This is a short haircut with mid forehead length and a little overlap of the ears. The layering is mostly concave. Pivoting sections are generally used and the sections are generally in the natural fall of the hair.
Assess hair line, hair growth, head shape.
Decide on length and manually mold the design.
Layer top and front side with concave layers
Comb the hair to natural fall for all of these sections.
Take a back to front section down middle of top starting at the crown and going to the forehead. Comb up to 90 degrees and cut a concave layer. Concave means it is shorter internally (at the crown) and longer to the perimeter (at the forehead). In this demonstration the hair is pulled up to the head shape and cut on a small angle going up to toward the front. The angle looks to be about 15 degrees up from flat as you go to the forehead. Pulling it up from the head shape means it will be leaning forward as you go to the forehead just because the top of the head is leaning forward as it curves from the apex to the forehead.
The length at the crown for this section is about 3 inches. At the forehead hair line it is about 5 inches.
The next section starts in the crown and pivots to the side of the first section. The demonstration mentions either lifting the hair up from the section or over directing to the previous section depending on the head shape. I think this means that a head that is flatter on top would be lifted straight out and a head that curves more severely to the side might be over directed to the center section??? Over directing to the center could leave more hair to compensate for the curvature of the head.
Further sections are taken by pivoting the section further to the side. Hair is pulled out from the head shape and follows the guide in the previous section ( this means the section that was just cut).
The sections are cut until reaching just behind the ear. On the sides the sections seem to be cut more along the head shape in a concave line. It is not cut to the same inclined line that was used on the top.
Cut behind ear
Behind the ear the sections are vertical and cut to follow the head shape more. There is a little increase in length toward the nape hair line which continues the concave layering. Above the occipital bone the layering follows the head shape.
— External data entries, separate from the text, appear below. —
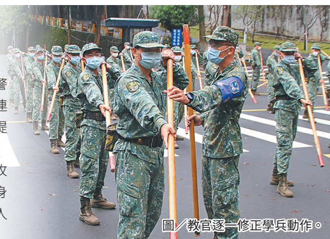
圖／教官逐一修正學兵動作。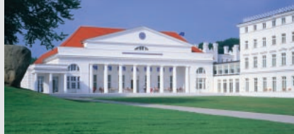
Kempinski Grand Hotel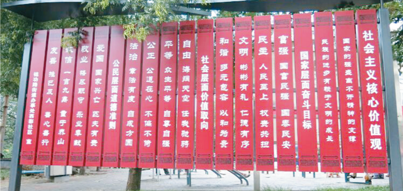
铭功路街道西彩社区

产形势逐步好转。上半年全区共排查治理生产经营单位 6389 家,排查出各类事故隐患 7143 项,整改率 96% 。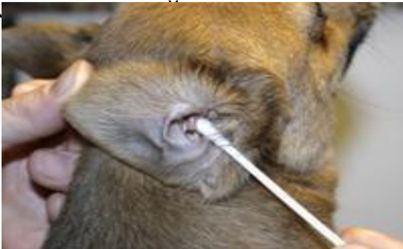
Рисунок 2 – чистка ушей собаки

Собаки с длинными ушами чаще подвержены инфекции уха, а это значит, что они нуждаются в регулярной

Work to the middle of the back.
Do the same thing on the other side starting on the other side of the top middle.
Make a center part to the forehead on the top.
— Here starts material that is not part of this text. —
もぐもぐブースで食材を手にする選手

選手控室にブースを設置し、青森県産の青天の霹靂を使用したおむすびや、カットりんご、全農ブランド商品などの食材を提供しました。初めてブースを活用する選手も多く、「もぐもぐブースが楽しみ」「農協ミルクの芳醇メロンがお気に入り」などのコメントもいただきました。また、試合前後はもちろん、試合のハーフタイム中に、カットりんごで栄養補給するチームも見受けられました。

Go back about 4 inches and make a slender pie shaped section off the center part. This section is combed to the forehead and lifted so the hair in the bangs is elevated up to the front hair line.
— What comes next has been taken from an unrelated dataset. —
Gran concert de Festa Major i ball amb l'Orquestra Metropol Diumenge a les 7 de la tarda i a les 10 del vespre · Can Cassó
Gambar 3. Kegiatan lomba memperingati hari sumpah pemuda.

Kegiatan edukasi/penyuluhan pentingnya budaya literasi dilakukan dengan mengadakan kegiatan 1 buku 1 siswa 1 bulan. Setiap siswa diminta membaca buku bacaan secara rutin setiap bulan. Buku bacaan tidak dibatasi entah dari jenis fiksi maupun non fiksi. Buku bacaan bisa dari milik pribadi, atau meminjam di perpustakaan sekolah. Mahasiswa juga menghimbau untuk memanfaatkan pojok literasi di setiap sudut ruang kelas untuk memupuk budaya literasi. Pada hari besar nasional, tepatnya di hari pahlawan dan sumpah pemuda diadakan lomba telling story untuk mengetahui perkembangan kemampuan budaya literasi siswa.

The hair behind the bangs is combed forward and held in fingers that follow the head shape around the curve where the forehead and top of the head meet. The hair is cut to follow the fingers.
More sections are taken by pivoting the first section to the side. These sections are pivoted until reaching outside the eyebrow.
Do the other side of the bangs the same way.
Even out the top
Take side to side sections across the top of the head. Start at the front and work back to the crown.
Pull these up to 90 degrees and cut flat to the ceiling.
Connect sides to top
Take center to side sections around the curvature of the head where the top meets the sides. Pull these to 90 degrees and cut to follow the head shape. May want to start these over and ear and work forward to the front hair line and then go back to the ear and work backwards to the middle back.
Check lower sides with vertical sections per the demonstrations. It seems these might also be checked with horizontal sections.
Cross check nape to crown
Start at hair line in nape. Take horizontal sections and over direct these up before checking and cutting. This will leave length at the perimeter.
Further horizontal sections are taken above as the checking moves to the crown. All sections are over directed up for cutting.
Product and blow dry
Point cut the outline for details and length.